I could have had a lovely July, an experience to treasure with the kids, but hey, I’m broke. That isn’t to say that July didn’t have its happy moments, like putting EN on the leash and harness (EN is our cat. No, he is not a harness fan. No, it is not optional, because he’s a dumb cat.) (But I didn’t do it willy-nilly. He comes when called, likes the outdoors (mostly he likes laying in the grass) and he’s calm. He’s actually excellent material for trick training, for a cat.) Today, he learned that the harness doesn’t actually hold him down and that he can move in it. He learned this by catching tuna flakes Kitten sprinkled on the grass and the sidewalk for him. (Then she finished the can of tuna. Weird child.) With continued positive experiences in his harness, I expect him to be more into exploring the yard by October. Obviously, I am not ever expecting him to take walks like a dog.

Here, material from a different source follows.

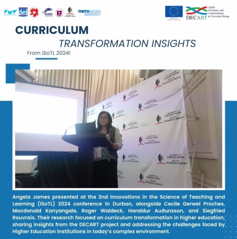 On 26-27 September 2024, Angela James presented at the 2nd Innovations in the Science of Teaching and Learning (iSoTL) conference in Durban, South Africa. Collaborating with co-authors Cecile Gerwel Proches, Macdonald Kanyangale, Roger Waldeck, Haraldur Auðunsson, and Siegfried Rouvrais, the team shared their research titled “Unpacking curriculum transformation in higher educational institutions in a volatile, uncertain, complex, and ambiguous world: Insights from the DECART project.”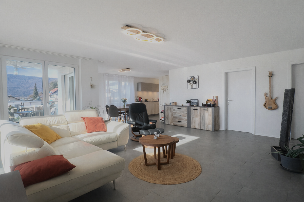L'impressionnante terrasse de 83,5 m², faisant le tour de l'appartement, constitue un véritable espace de vie supplémentaire. Elle offre une vue panoramique imprenable sur les Alpes et le Seeland, tout en bénéficiant d'un ensoleillement optimal grâce à son orientation sud-ouest.

Bits of July also sucked, like dick-face not calling for the food order at mid-month (which left me scrambling to find balanced meals to fill the gap between the SNAP benefits and the pittance that is disability payments.) I did okay, but he was very wishy-washy about the whole fucking thing. Being embarrassed to call for help does not mean that making your daughters and your wife’s cats go hungry is acceptable. Love means you do the thing, even though it sucks and it’s scarring. Dependability is a key component of love, for me. I did my time in the “it’ll be okay, trust me” kind of relationship (my mother is a magpie, and her new jewelry acquisitions were more important than stuff like a bed (slept on a lot of floors) my glasses (went without for years at a time) dental care (didn’t see a dentist til 25)…but hey, you guys, that shit doesn’t matter, right, if you can wear real diamonds!!!! And designer perfume.

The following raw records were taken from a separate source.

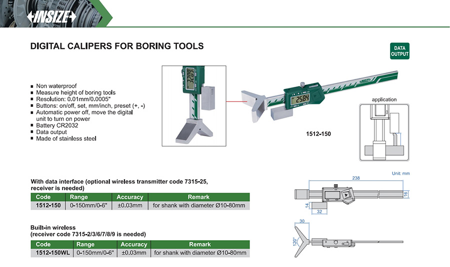| 1512-150WL | 0-150mm/0-6" | ±0.03mm | 0.01mm/0.0005" | built-in wireless |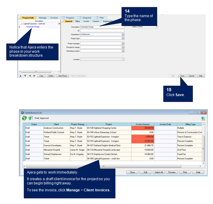 You can also track your business development and marketing effort by entering a potential project, and should you win the work, that information is ready for you to begin working on and billing the project. To learn about business development, be sure to see Marketing Specialist's Path through Ajera.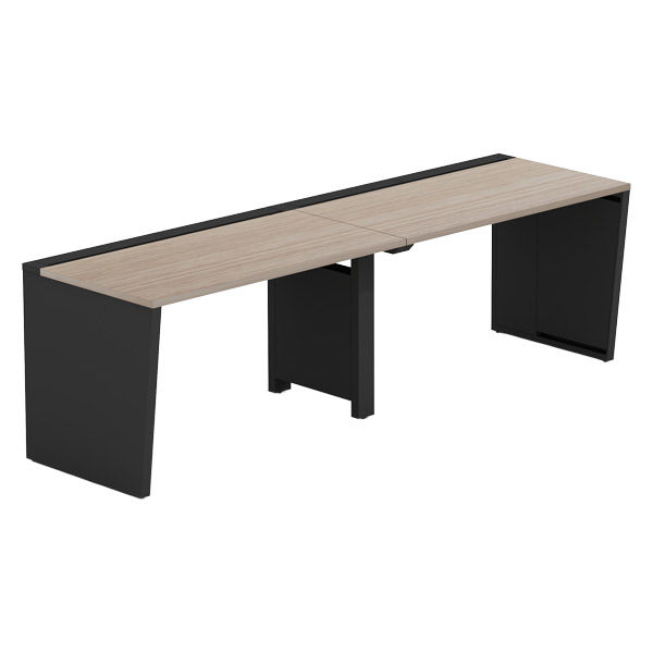 【軒先渡し】LASHデスク ベンチハーフ脚 幅2400×奥行700×高さ720mm オーク天板/ブラック脚 1台(直送品)

I wish it had mattered. MY children see the dentist. Frequently, ‘cause methylphenidate (Concerta) is bad for teeth (it slows down saliva production, allowing for more cavities.) Their teeth are fucking important. I AM DEPENDABLE.

They have actual beds, with actual dedicated linens, with their choice of blankets and pillows and shit. They’ve had vision screenings yearly (and their vision is fine.) If it weren’t, you’d better fucking believe these girls would have glasses. And I do own a little jewelry. Nothing fancy, but I’ve got enough of it to make a statement if I want to. Just I live in jeans and sarcastic t-shirts, so jewelry isn’t required. I am not an attractive woman, and I am not competing and saying I am. But that doesn’t mean that I’m not worth reliability. If you’re gonna be saying you love me, you’re gonna have to walk the walk, and you’re going to have to Do the Things. Thank my mom for that.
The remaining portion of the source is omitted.